Он написал вождю не слишком вежливое ответное письмо, в котором говорилось:

     «Когда дробите скулы мировой буржуазии, это хорошо, но вот беда: Вы замахиваетесь на буржуа, а бьете рабочего больше всего. Кто арестовывается за контрреволюцию теперь везде? Рабочие и крестьяне, это бесспорно».

     Развивал Мясников в письме и свой тезис о свободе печати:

     «Теперь насчет "печальных фактов". Вы не будете отрицать того, что гласность их уничтожит. Вы ведь и представить себе не можете, какие размеры принимает взяточничество и иные не совсем хорошие вещи, потому Вы и говорите, чтоб я травил через ЦКК все эти безобразия, и упрекаете меня за то, что я не писал в ЦКК. Я думаю, что гласность их очень много, больше, чем контрольные комиссии, уничтожит… Закон о свободе слова и печати нам нужен, чтобы ввести усердных не по разуму в рамки».

     И точно следуя своей приверженности свободе слова, Мясников опубликовал и свои статьи, и письмо Ленина, и свой ответ ему в брошюре. Терпение руководителей ЦК, уже давно бывшее на исходе, закончилось.

     «В Москве,— докладывал Дзержинский,— главной связью Мясникова является Кузнецов и жена Мясникова.»

     «И тут раздается один выстрел за другим.»

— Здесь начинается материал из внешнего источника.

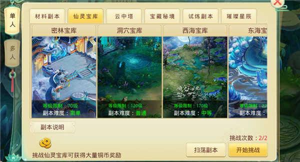 1、仙灵宝库副本,玩家可以在次副本获得大量的铜币,铜币用于提升技能等级和练体等级;

     Комиссия по расследованию деятельности Мясникова, созданная по решению Организационного бюро ЦК еще 29 июля 1921 года, резко активизировала свою работу. 18 ноября 1921 года с ее подачи членам Политбюро предложили ознакомиться с брошюрой Мясникова, а его самого отправить на работу в Наркомат внешней торговли. Он в очередной раз отказался, и 1 декабря 1921 года ему уже в приказном порядке предложили начать трудиться в Главном лесном комитете. Но Мясников не сдавался, и после того, как члены Политбюро ознакомились с его письмом к соратнику, где он продолжал настаивать на своей правоте, его 8 декабря 1921 года обвинили во фракционной деятельности, запрещенной партией, и создали для разбора его ошибок комиссию высокого уровня во главе с членом президиума ЦКК А. А. Сольцем.

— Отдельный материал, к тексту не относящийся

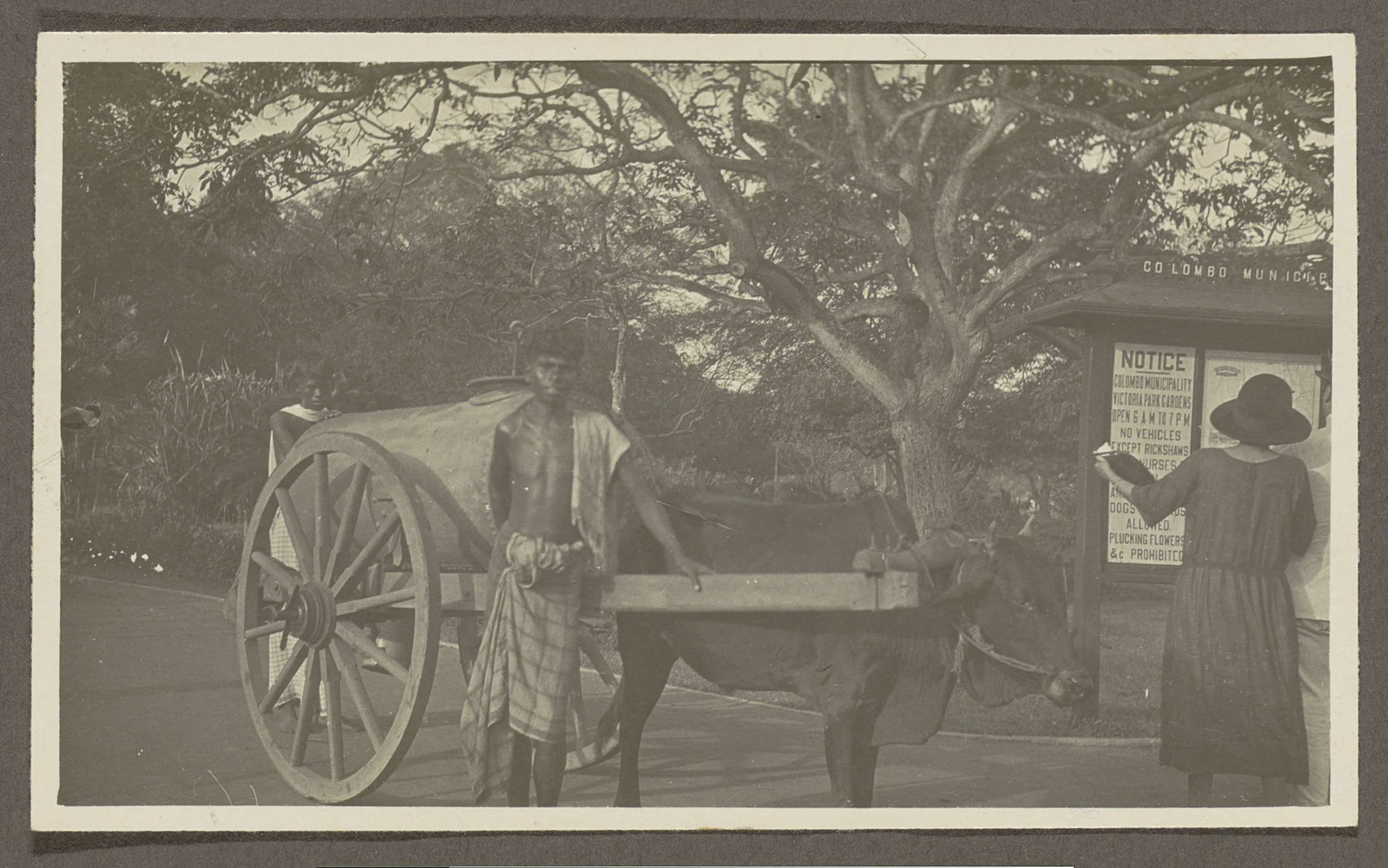Twee jongens met een ossenwagen, rechts een vrouw

     15 февраля 1922 года комиссия завершила свою работу. В ее решении перечислялись все грехи Мясникова и в итоге говорилось:

     «Комиссия находит, что т. Мясников явно и неоднократно, нарушая партийную дисциплину, порвал совершенно с партией и использовывает (так в тексте.— "История") пребывание в партии лишь для облегчения борьбы с ней и ее решениями, пытаясь организовать в нарушение постановления Съезда особую в ней группировку».

     Вывод был сам собой разумеющимся — исключение из партии. Но Политбюро, утвердив его 22 февраля 1922 года, предоставило Мясникову право через год просить о восстановлении в рядах партии. Однако он не утихомирился и продолжал организовывать уже не партийные, а рабочие собрания, на которых выступал с разоблачающими захвативших власть бюрократов речами. Так что следующего шага власти долго ждать не пришлось. В марте 1922 года Мясникова арестовали. Он утверждал, что вскоре после ареста чекисты пытались его ликвидировать:

     «Очистив предварительно всю внутреннюю тюрьму ГПУ от всех заключенных, переведя их в губернскую тюрьму, они в дощатую, сколоченную из полудюймовых досок, стенку коридора пускают одну пулю за другой, три пули в мою камеру — как раз в то место, где я обычно сидел и в уровень моей головы. Но что-то подняло меня с этого места. За секунду и не больше до выстрелов я переместился, сошел с места, и тут раздается один выстрел за другим. Открыли камеру и видят меня стоящим, целым и невредимым. Растерялись и спрашивают: "Что случилось, т. Мясников?". Я отвечаю: "Ничего. Все в порядке. Только одно плохо, что стрелять не умеете".».

     Его этапировали в Москву, и 14 апреля 1922 года Политбюро приняло решение о суде над ним, которое гласило:

     «Предложить ГПУ обратить самое серьезное внимание на это дело; поставить его как можно более формально. Устранить совершенно элементы фракционной борьбы, оставить только прямые обвинения в призывах к противу советским (так в тексте.— "История") действиям и пр.».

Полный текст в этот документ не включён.